··· Source material ···

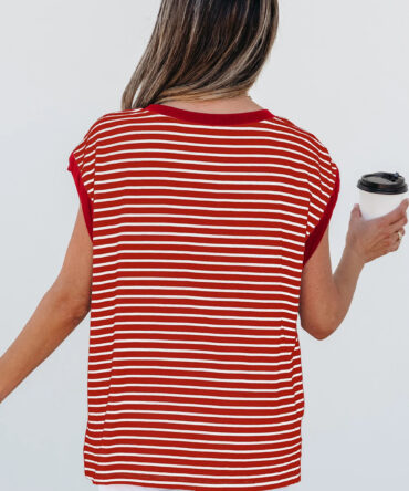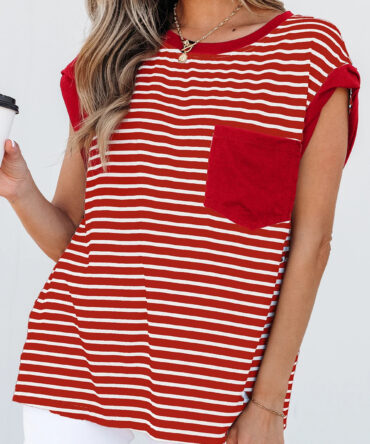 Red Stripe Chest Pocket Patch Round Neck Tank Top
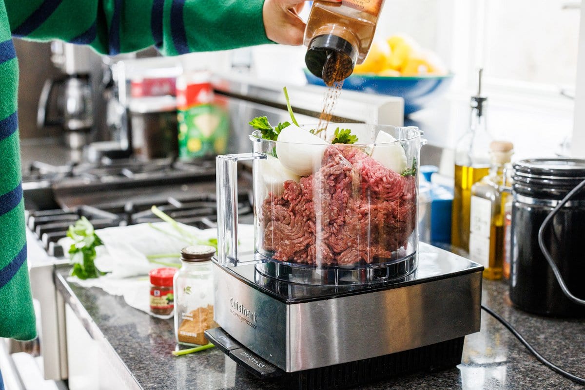 Start your Grilled Lebanese Beef Kafta Patties by putting your ground beef in a large food processor.
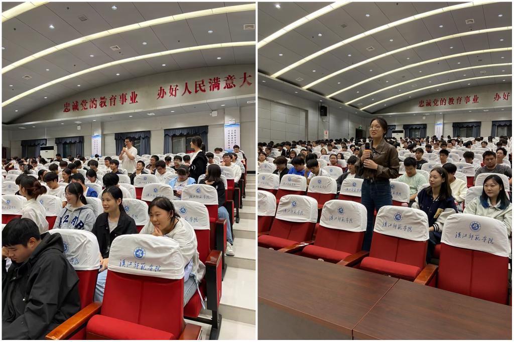 讲座伊始,刘兵老师通过轻松有趣的互动游戏迅速拉近了新生之间的距离,活跃了现场氛围。同学们从初时的拘谨逐渐转为踊跃参与,积极举手互动,现场掌声与欢笑声此起彼伏。游戏结束后,刘老师还为积极参与的同学送上了特别准备的笔记本和定制书签——上面印有实用的心理健康小贴士,既是对同学们热情参与的鼓励,也于细微处传递出心理关怀的温暖。
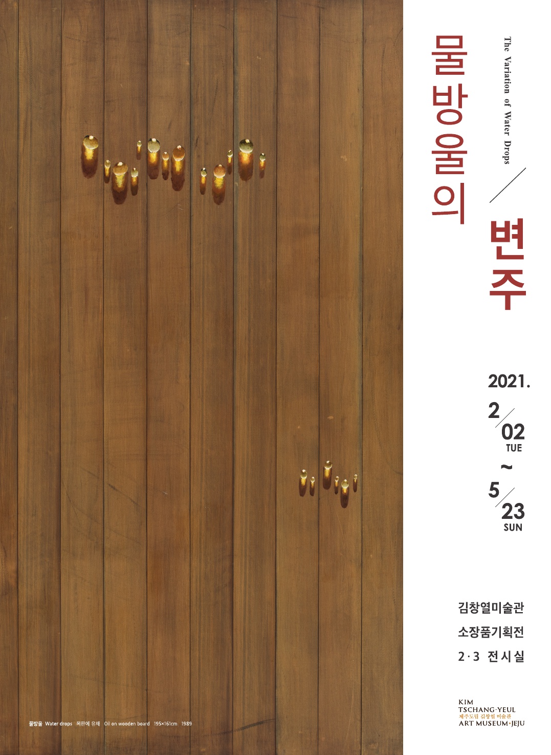 ■ 전시내용 : 〈물방울의 변주〉는 김창열 화백이 물방울에만 머물지 않고 다양한 시도를 했던 예술가로서의 도전정신에 대한 헌사이다. 이 전시로 안락함에 취하지 않고 구도자의 길을 걸어가고자 했던 김창열 화백의 집념을 다시 한번 느낄 수 있기를 바란다.
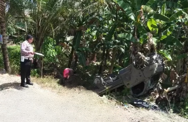 “Mobil itu melaju dengan kecepatan tinggi saat ban belakang sebelah kempis, sehingga lepas kendali dan oleng ke kanan-kiri. Kemudian terbalik di kebun warga,” ujarnya.
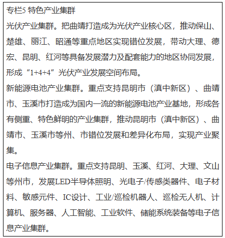 按照“優(yōu)化布局、分類集聚、錯位發(fā)展、優(yōu)勢互補、突出特色”的原則,以滇中地區(qū)為核心,大理、紅河、文山、保山、德宏、麗江等州市為聯(lián)動發(fā)展區(qū),高起點、高規(guī)格、高標準培育建設一批光伏、新能源電池、電子信息產(chǎn)業(yè)等特色產(chǎn)業(yè)集群、產(chǎn)業(yè)園區(qū)。

···

● **Task to carry out**
Output each record exactly as it appears, but not the pictures.

● **Exercise response**
 Red Stripe Chest Pocket Patch Round Neck Tank Top
 Start your Grilled Lebanese Beef Kafta Patties by putting your ground beef in a large food processor.
 讲座伊始,刘兵老师通过轻松有趣的互动游戏迅速拉近了新生之间的距离,活跃了现场氛围。同学们从初时的拘谨逐渐转为踊跃参与,积极举手互动,现场掌声与欢笑声此起彼伏。游戏结束后,刘老师还为积极参与的同学送上了特别准备的笔记本和定制书签——上面印有实用的心理健康小贴士,既是对同学们热情参与的鼓励,也于细微处传递出心理关怀的温暖。
 ■ 전시내용 : 〈물방울의 변주〉는 김창열 화백이 물방울에만 머물지 않고 다양한 시도를 했던 예술가로서의 도전정신에 대한 헌사이다. 이 전시로 안락함에 취하지 않고 구도자의 길을 걸어가고자 했던 김창열 화백의 집념을 다시 한번 느낄 수 있기를 바란다.
 “Mobil itu melaju dengan kecepatan tinggi saat ban belakang sebelah kempis, sehingga lepas kendali dan oleng ke kanan-kiri. Kemudian terbalik di kebun warga,” ujarnya.
 按照“優(yōu)化布局、分類集聚、錯位發(fā)展、優(yōu)勢互補、突出特色”的原則,以滇中地區(qū)為核心,大理、紅河、文山、保山、德宏、麗江等州市為聯(lián)動發(fā)展區(qū),高起點、高規(guī)格、高標準培育建設一批光伏、新能源電池、電子信息產(chǎn)業(yè)等特色產(chǎn)業(yè)集群、產(chǎn)業(yè)園區(qū)。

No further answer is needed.